What needs to be done – Make an exact copy of the listing below. Pictures stay out of it.

Given information –
□ □ □

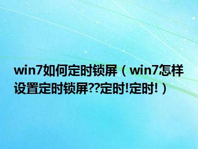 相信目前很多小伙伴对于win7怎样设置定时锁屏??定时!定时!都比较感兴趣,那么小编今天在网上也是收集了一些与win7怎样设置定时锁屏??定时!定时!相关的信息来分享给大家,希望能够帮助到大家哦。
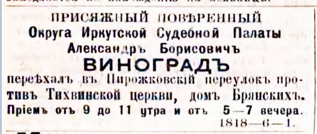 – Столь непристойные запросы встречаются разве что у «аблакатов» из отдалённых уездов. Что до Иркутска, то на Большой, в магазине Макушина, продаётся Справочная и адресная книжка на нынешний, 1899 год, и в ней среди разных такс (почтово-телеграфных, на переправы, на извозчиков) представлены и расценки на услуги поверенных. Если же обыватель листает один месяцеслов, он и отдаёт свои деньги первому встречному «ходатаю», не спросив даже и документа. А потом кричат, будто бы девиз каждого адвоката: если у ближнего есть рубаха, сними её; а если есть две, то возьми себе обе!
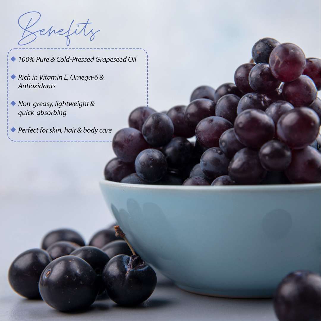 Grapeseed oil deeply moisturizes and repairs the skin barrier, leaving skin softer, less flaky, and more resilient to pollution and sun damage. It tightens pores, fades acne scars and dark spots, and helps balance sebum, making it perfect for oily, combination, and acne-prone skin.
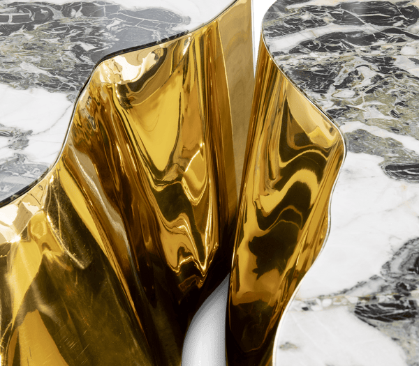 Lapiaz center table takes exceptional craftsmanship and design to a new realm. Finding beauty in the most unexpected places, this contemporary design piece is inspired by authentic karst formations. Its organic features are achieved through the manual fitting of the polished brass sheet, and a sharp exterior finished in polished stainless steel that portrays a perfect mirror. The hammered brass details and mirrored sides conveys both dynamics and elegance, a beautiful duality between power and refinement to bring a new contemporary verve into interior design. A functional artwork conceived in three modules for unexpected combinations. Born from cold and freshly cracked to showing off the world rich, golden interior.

□ □ □

Expected output –
 相信目前很多小伙伴对于win7怎样设置定时锁屏??定时!定时!都比较感兴趣,那么小编今天在网上也是收集了一些与win7怎样设置定时锁屏??定时!定时!相关的信息来分享给大家,希望能够帮助到大家哦。
 – Столь непристойные запросы встречаются разве что у «аблакатов» из отдалённых уездов. Что до Иркутска, то на Большой, в магазине Макушина, продаётся Справочная и адресная книжка на нынешний, 1899 год, и в ней среди разных такс (почтово-телеграфных, на переправы, на извозчиков) представлены и расценки на услуги поверенных. Если же обыватель листает один месяцеслов, он и отдаёт свои деньги первому встречному «ходатаю», не спросив даже и документа. А потом кричат, будто бы девиз каждого адвоката: если у ближнего есть рубаха, сними её; а если есть две, то возьми себе обе!
 Grapeseed oil deeply moisturizes and repairs the skin barrier, leaving skin softer, less flaky, and more resilient to pollution and sun damage. It tightens pores, fades acne scars and dark spots, and helps balance sebum, making it perfect for oily, combination, and acne-prone skin.
 Lapiaz center table takes exceptional craftsmanship and design to a new realm. Finding beauty in the most unexpected places, this contemporary design piece is inspired by authentic karst formations. Its organic features are achieved through the manual fitting of the polished brass sheet, and a sharp exterior finished in polished stainless steel that portrays a perfect mirror. The hammered brass details and mirrored sides conveys both dynamics and elegance, a beautiful duality between power and refinement to bring a new contemporary verve into interior design. A functional artwork conceived in three modules for unexpected combinations. Born from cold and freshly cracked to showing off the world rich, golden interior.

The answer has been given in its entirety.